Case ID: so3d_118/html/0187-01.html
Source: Caselaw Access Project
Author: {"author": "MOORE, Judge. BRYAN, Judge,", "license": "Public Domain", "url": "https://static.case.law/"}
Date Created: 2024-08-24T03:29:51.129683

Scott Christopher HOBBS v. Dorarena Kay HEISEY.
    2110275.
    Court of Civil Appeals of Alabama.
    June 8, 2012.
    Rehearing Denied Aug. 10, 2012.
    Certiorari Denied Jan. 4, 2013 Alabama Supreme Court 1111519.
    
      Dinah P. Rhodes of Rhodes & Creech, Huntsville, for appellant.
    William P. Burgess, Jr., and Amanda Chrisley Canupp of William P. Burgess, Jr., P.C., Huntsville, for appellee.
   MOORE, Judge.

Scott Christopher Hobbs (“the father”) appeals from a judgment of the Madison Circuit Court (“the trial court”) that denied his motion to vacate all judgments or orders regarding the custody of B.C.H. (“the child”) that were entered after March 2002. We affirm.

Procedural Background

The father and Dorarena Kay Heisey (“the mother”) are the parents of the child, who was born in February 1997 during the parties’ marriage. The parties separated when the child was a toddler and were eventually divorced by a judgment entered by the trial court in 2000. By agreement, the parties shared joint legal and physical custody of the child until June 2006, when the trial court awarded the mother sole physical custody of the child. See § 30-3-151(5), Ala.Code 1975 (defining “sole physical custody” as “[o]ne parent has sole physical custody and the other parent has rights of visitation except as otherwise provided by the court”). The father filed a postjudgment motion under Rule 59, Ala. R. Civ. P., requesting, among other things, that the trial court vacate the June 2006 judgment and reinstate the joint-physical-custody arrangement. The trial court purported to grant that motion and to enter an amended judgment, but only after the motion had already been denied by operation of law, see Rule 59.1, Ala. R. Civ. P. (stating that, in general, a postjudgment motion filed pursuant to Rule 59 shall be automatically denied if not ruled upon within 90 days of its filing); this court determined that the amended judgment was void. See Hobbs v. Heisey, 979 So.2d 821, 823 (Ala.Civ.App.2007) (“Hobbs I”). The father subsequently moved the trial court to vacate the June 2006 judgment under Rule 60(b)(6), Ala. R. Civ. P. The trial court denied that motion, and this court subsequently affirmed that judgment on appeal. Hobbs v. Heisey, 6 So.3d 529 (Ala.Civ.App.2008) (“Hobbs II”).

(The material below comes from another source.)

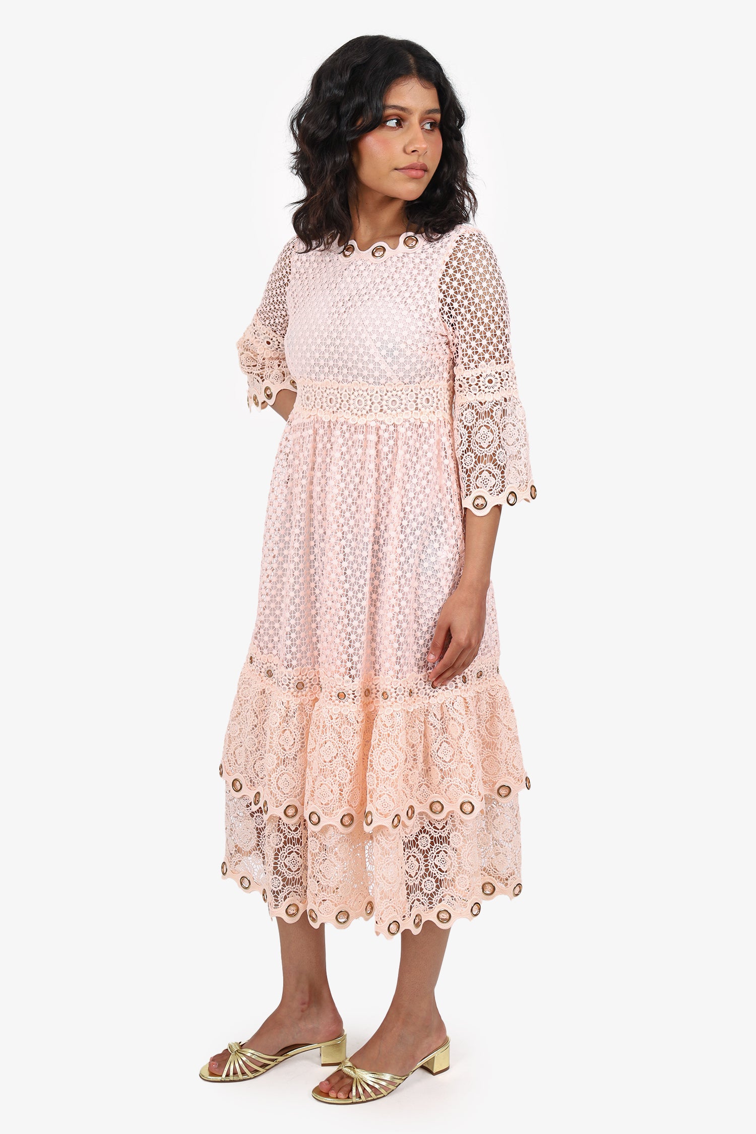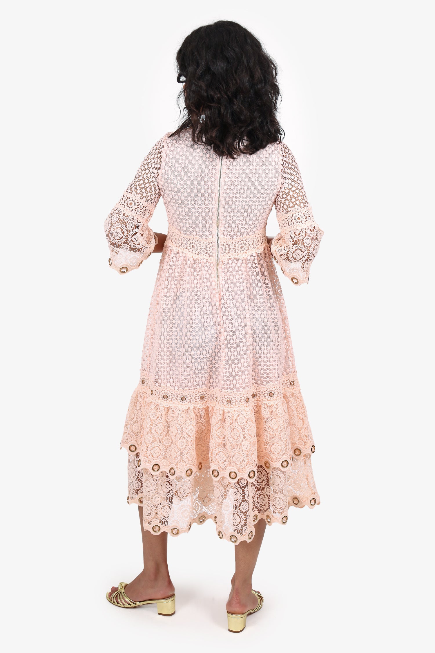 Refresh availabilityMaje Pink Lace Tiered Dress. Slip-on. Round neckline. Scalloped-hem and grommet detail at neckline, sleeve cuffs and bottom hem. Rear zip closure. Lined interior.

The instant proceedings began when the father filed a petition to modify his child-support obligation based on the loss of his supplemental part-time employment. The father amended his petition several times, eventually requesting that the trial court modify the June 2006 judgment to restore the prior joint-custody arrangement and moving the trial court, pursuant to Rule 60(b)(4), Ala. R. Civ. P., to vacate all judgments and orders regarding the custody of the child that had been entered after March 2002, which was the date the last judgment was entered confirming the agreement of the parties to share joint custody of the child. The trial court entered an order on July 18, 2011, denying the father’s Rule 60(b)(4) motion. The trial court subsequently entered a final judgment on October 31, 2011, disposing of the remaining issues in the case. The father timely appealed. This court held oral argument on May 1, 2012.

Issues

The father argues that the trial court violated his constitutional rights to due process, equal protection, and freedom of association when it entered the October 2011 judgment denying his motion to vacate.

Analysis

Rule 60(b) provides, in pertinent part:

“On motion and upon such terms as are just, the court may relieve a party ... from a final judgment, order, or proceeding for the following reasons: ... (4) the judgment is void.”

“ ‘ “A judgment is void only if the court that rendered it [1] lacked jurisdiction of the subject matter, or [2] of the parties, or [3] if it acted in a manner inconsistent with due process.”’” M.H. v. Jer. W., 51 So.3d 334, 337 (Ala.Civ.App.2010) (quoting Neal v. Neal, 856 So.2d 766, 781 (Ala.2002), quoting in turn Seventh Wonder v. Southbound Records, Inc., 364 So.2d 1173, 1174 (Ala.1978)) (emphasis added).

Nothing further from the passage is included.